When I spoke to Alexa Clay, entrepreneur and co-author of the Misfit Economy, she confirmed that there's a strange, low-lurking sexism in the start-up economy: “They have all very open and free, but underneath it there's still something really patriarchal.” Start-ups, after all, are a culture which celebrates risk-taking, something which women are societally discouraged from doing. As Clay says, 

“Men are allowed to fail in tech. You have these young guys who these old guys adopt and mentor. If his app doesn’t work, the mentor just shrugs it off. I would not be able ot get away with that, and I think women and minorities aren't allowed to take the same amount of risks, particularly in these communities. If you fail, no one's saying that's fine.

The conclusion of Lean Out, and of women in tech I have spoken to, isn’t that more women, over time, will enter these industries and seamlessly integrate – it’s that tech culture needs to change, or its lack of diversity will become even more severe. Shevinsky writes:

The reason why we don't have more women in tech is not because of a lack of STEM education. It's because too many high profile and influential individuals and subcultures within the tech industry have ignored or outright mistreated women applicants and employees. To be succinct—the problem isn't women, it's tech culture.

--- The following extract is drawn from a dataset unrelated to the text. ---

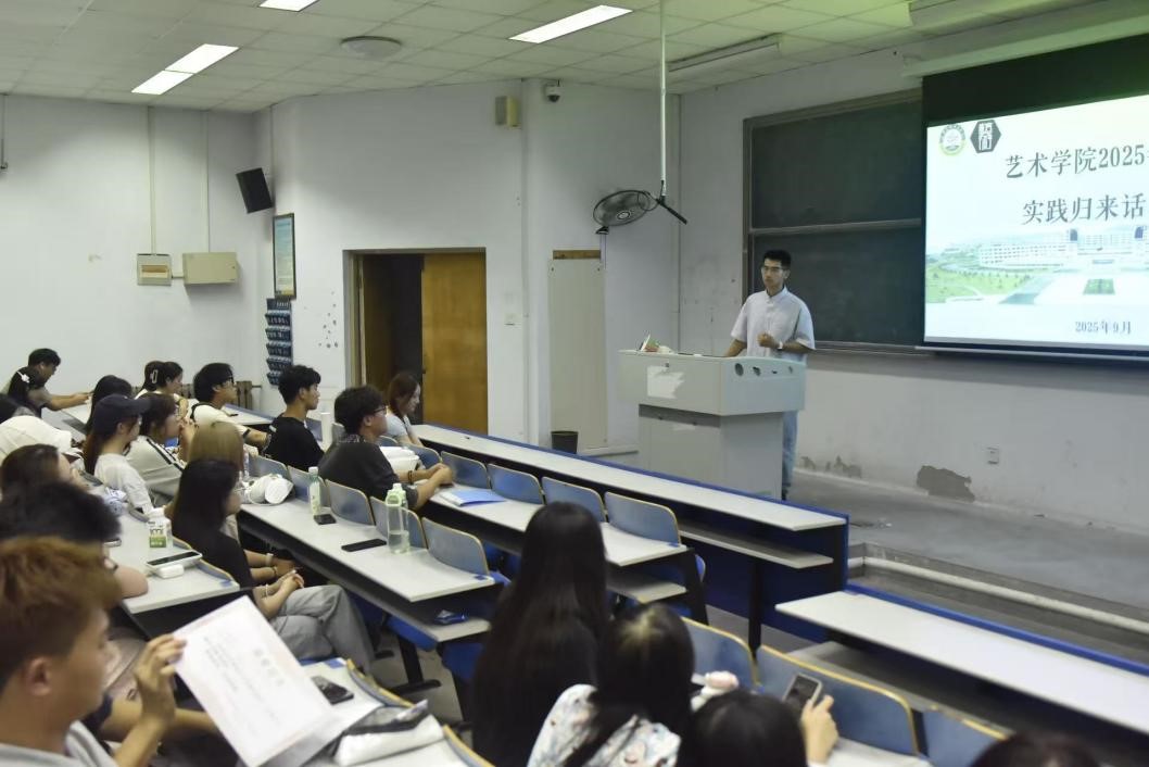 分享会上,实践团队代表与个人实践代表依次登台。各团队以传承红色精神、助力乡村振兴、弘扬非遗文化、践行基层服务等为实践主题,通过图文、视频等形式,生动讲述了用脚步丈量祖国大地,在实践中克服困难、服务社会的经历;个人代表则结合自身参与艺术采风、社区服务等活动的感悟,分享了将专业知识转化为实践能力的收获。鲜活的实践案例与真挚的个人体会引发台下阵阵掌声。
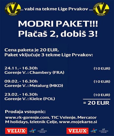 Ker so tekme lige prvakov prava paša za oči, smo se tokrat odločili, da vam poleg dobre igre in zanimivega obračuna, ponudimo tudi nekaj zabave. Že pred tekmo se bo v šotoru ob dvorani pričelo dogajati. Za vas bomo pripravili akcijske cene pijače in jedače. Happy hour v Max klubu s hostesami, Golaž, kuhanček, poslikava obraza in še ostale dobrote, s katerimi si boste krajšali minute pred tekmo. Po tekmi pa sledi žur z rokometaši velenjskega Gorenja. Vabimo vas, da se nam pridružite. Skupaj

Software engineer Kate Heddleston has a wonderful and chilling metaphor about the way we treat women in STEM. Women are, she writes, the “canary in the coal mine”. If one dies, surely you should take that as a sign that the mine is uninhabitable – that there’s something toxic in the air. “Instead, the industry is looking at the canary, wondering why it can’t breathe, saying ‘Lean in, canary, lean in!’. When one canary dies they get a new one because getting more canaries is how you fix the lack of canaries, right? Except the problem is that there isn't enough oxygen in the coal mine, not that there are too few canaries.” We need more women in STEM, and, I’d argue, in tech in particular, but we need to make sure the air is breatheable first. 

Barbara Speed is a technology and digital culture writer at the New Statesman and a staff writer at CityMetric.